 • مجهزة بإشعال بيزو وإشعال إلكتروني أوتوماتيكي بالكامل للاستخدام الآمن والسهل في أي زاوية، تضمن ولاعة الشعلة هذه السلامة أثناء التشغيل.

◇ ◇ ◇ ◇

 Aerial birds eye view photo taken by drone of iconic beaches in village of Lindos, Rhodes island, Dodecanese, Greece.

◇ ◇ ◇ ◇

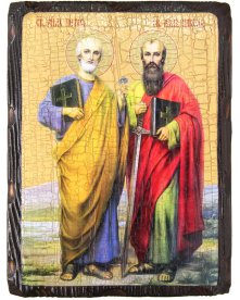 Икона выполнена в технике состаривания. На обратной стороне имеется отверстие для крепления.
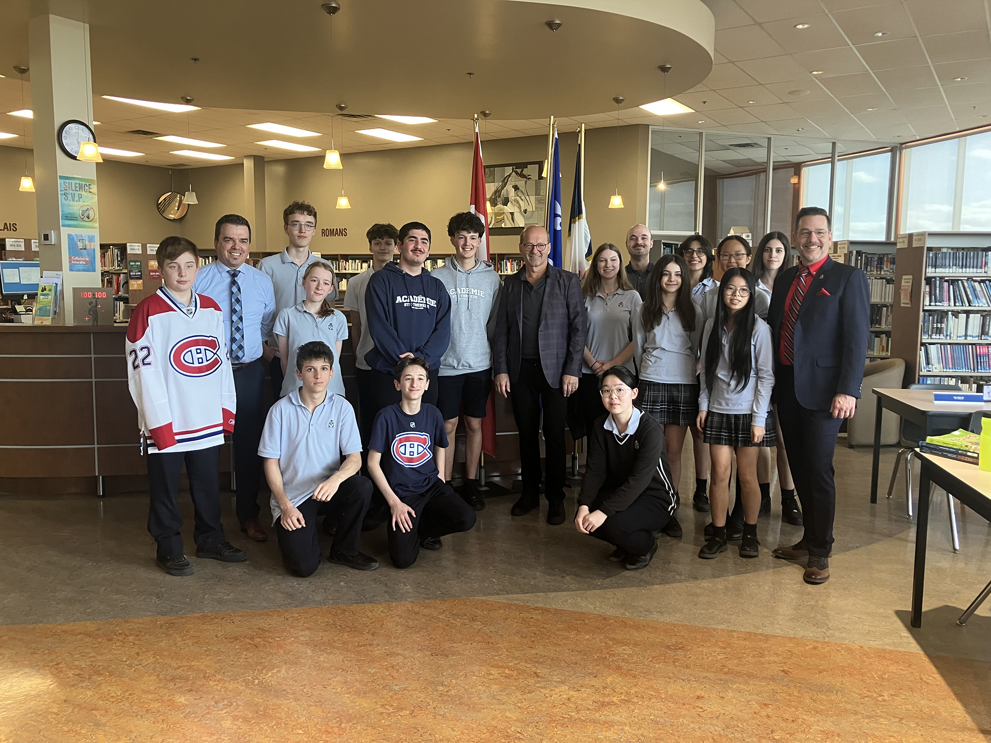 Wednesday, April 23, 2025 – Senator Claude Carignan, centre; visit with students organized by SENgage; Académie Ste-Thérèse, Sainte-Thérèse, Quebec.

◇ ◇ ◇ ◇

Assignment:
Above are the records; please give again, exactly and in full, only the lines that run from the line with "Икона выполнена в" through the line with "Wednesday, April 23, 2025", with no pictures.

Answer to the exercise:
 Икона выполнена в технике состаривания. На обратной стороне имеется отверстие для крепления.
 Wednesday, April 23, 2025 – Senator Claude Carignan, centre; visit with students organized by SENgage; Académie Ste-Thérèse, Sainte-Thérèse, Quebec.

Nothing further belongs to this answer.